# drop shot?



## 123SHARKY123 (Jan 15, 2008)

hi guys i cant remember but there was a post about while you were flicking plastics you had another line with a lure on it was it a drop shot?


----------



## CatfishKeith (Apr 17, 2009)

I usually have a second line out the back when on the drift whilst flicking plastics or lures with another rod.
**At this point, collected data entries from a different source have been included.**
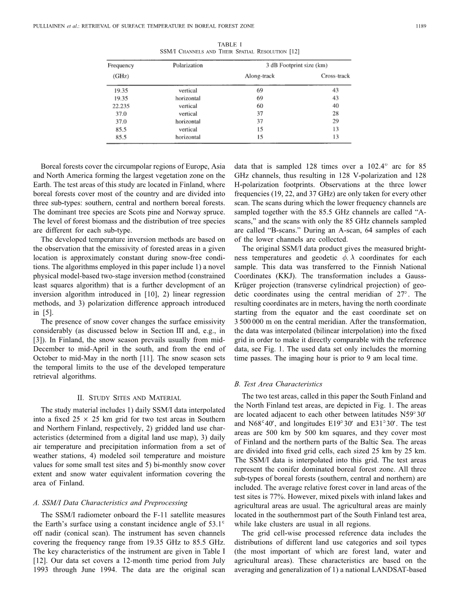 F-11卫星上的SSM/I辐射计从最低点以一个恒定的入射角53.1°探测地球表面(圆锥扫描)。该仪器具有七个通道,频率范围从19.35 GHz到85.5 GHz。表I是仪器的主要特征。我们的数据集包含了从1993年7月到1994年6月,共12个月的时间。数据是原始扫描数据,对85GHz的两个极化频率通道,在102.4°观测弧度中采样128次,从而形成128V-极化和128H-极化轨迹。三个较低的频率(19、22和37 GHz)作其他扫描。低频率和85.5HZ通道都采样的扫描成为A类扫描,只采样85GHz通道的扫描称为B类扫描。在A类扫描中,低频通道只采样64次。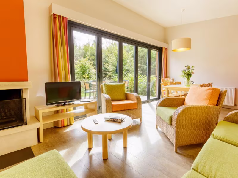 סלון עם טלוויזיה וחלונות גדולים הנפתחים למרפסת פרטית.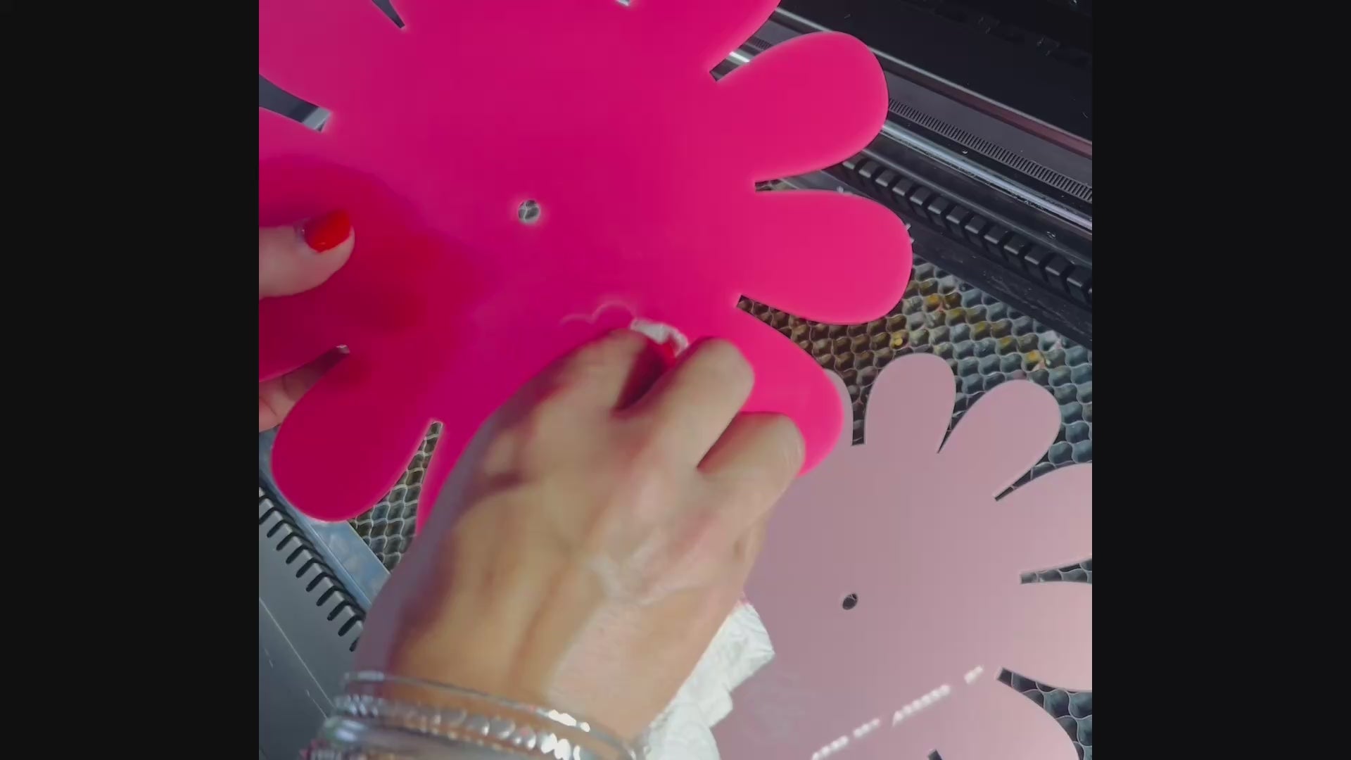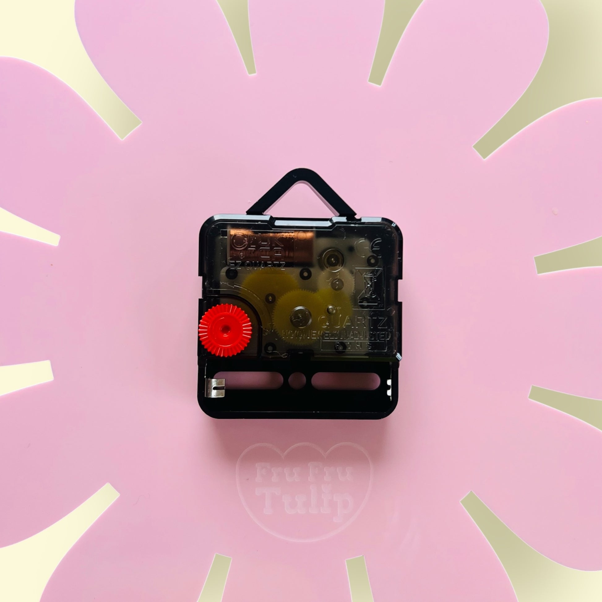 Handmade by me from scratch, using vibrant red and pink 3mm cast acrylic, it has white hands, the Fru Fru Tulip logo engraved on the back AND it’s a silent ticker making it perfect for a bedroom/nursery.

Depending on the the situation but one out the back its usaully my drop shot IM6


----------



## southcoastmatty (Jan 21, 2009)

I think it is dead stick
scm


----------



## Buff (Dec 31, 2005)

I think southcoastmatty is on the money  
Drop Shot is a way of rigging (normally) a Soft plastic lure 








http://www.bassresource.com/fishing/drop-shot.html
It can also be used for Hard bodies as it can be a way of fishing deep and with practice keeping the lure off the bottom.

Dead Sticking is a reference to when you put No action into the lure by letting it sit on the bottom or hang mid water like you would a bait (no gulp comments please :twisted: :lol: )
http://www.texbass.com/modules.php?name ... le&sid=283

Hope that helps ;-)


----------



## koich (Jul 25, 2007)

Dropshotting is an incredibly underated fishing tactic in Australia.


----------



## 123SHARKY123 (Jan 15, 2008)

thats it thanks for the info & the set up guys


----------



## fishmica (Sep 15, 2008)

> Dropshotting is an incredibly underated fishing tactic in Australia.


Not by Lake Eildons redfin it isn't ;-)


----------



## rossbyers88 (May 4, 2009)

it works.


----------



## johnny (Aug 12, 2007)

one of my common kingy rigs even..


----------